文字や数字が高解像度用に改められていて、武将の顔グラフィックもPC版『信長の野望・創造』のものに差し替えられていますが、フィールドや戦場のグラフィックは初代DS版と同じ。
そのためスマホでは粗く見え、スマホ版『信長の野望・武将風雲録』と比べても見劣りします。
スマホ版の『風雲録』は2008年発売のDS版(『信長の野望DS 2』)が大元ですが、こちらは2006年のDS版ですからね。
よって、『風雲録』は全国版から数えてシリーズ3作目、『烈風伝』は7作目ですが、スマホでは烈風伝の方がグラフィックのクオリティが低いのは承知しておきましょう。

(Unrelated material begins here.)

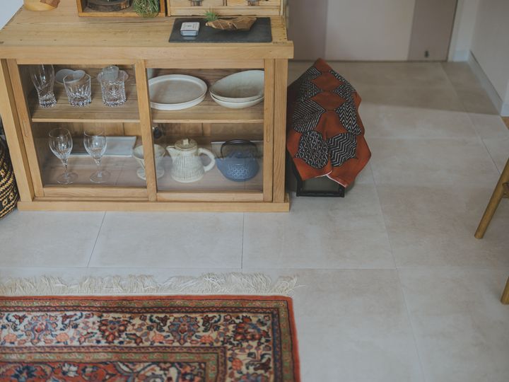 「食器棚を置くようになってから、床がどうしても合わないと感じるようになり、床も全体的にフロアタイルを敷いてお部屋の印象を大きく変えました」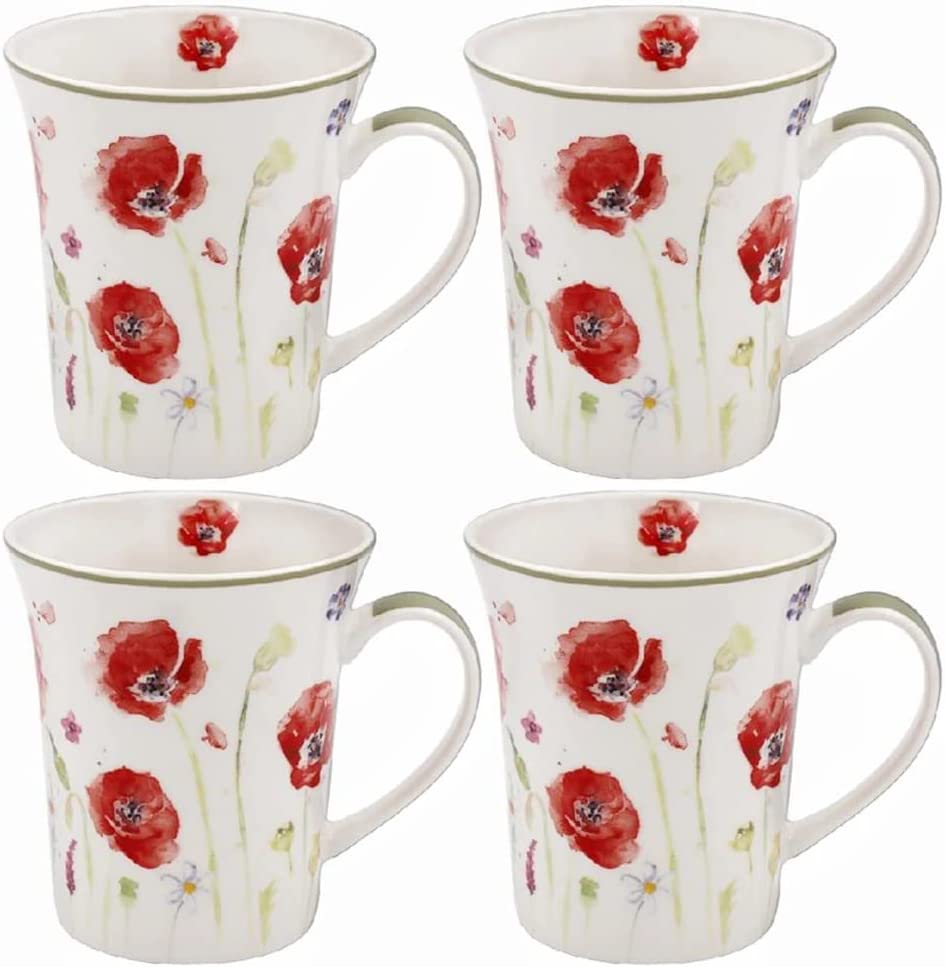 The Leonardo Collection LP94598 Poppy Field Floral Mugs (Set of 4), Fine China, Boxed

ゲームの内容は、風雲録をはじめとする初期の『信長の野望』とは大きく異なります。
5作目の『天翔記』までは、コマンドを実行して商業や石高などの数値を上げていく「数値上げ内政」でしたが、6作目の『将星録』から、全国マップの上に畑や村などを建設していく『シヴィライゼーション』のようなスタイルに変わりました(8作目で”数値上げ内政”に戻るが、10作目から再び”マップ配置型”となる)。
『烈風伝』はそのスタイルの2作目で、近年の『信長の野望』の初期版ともいえます。
ただ合戦は、マスの上に配置されたコマを動かして戦うターン制の戦術シミュレーションで、RPGのようなバトルになっていた6作目の『将星録』や、RTSになっていた8作目の『嵐世記』とは違い、昔ながらの形式です。
価格は2600円。同じDS/3DSからの移植である『信長の野望・武将風雲録』や『三國志V』、『大航海時代IV』と比べると高め。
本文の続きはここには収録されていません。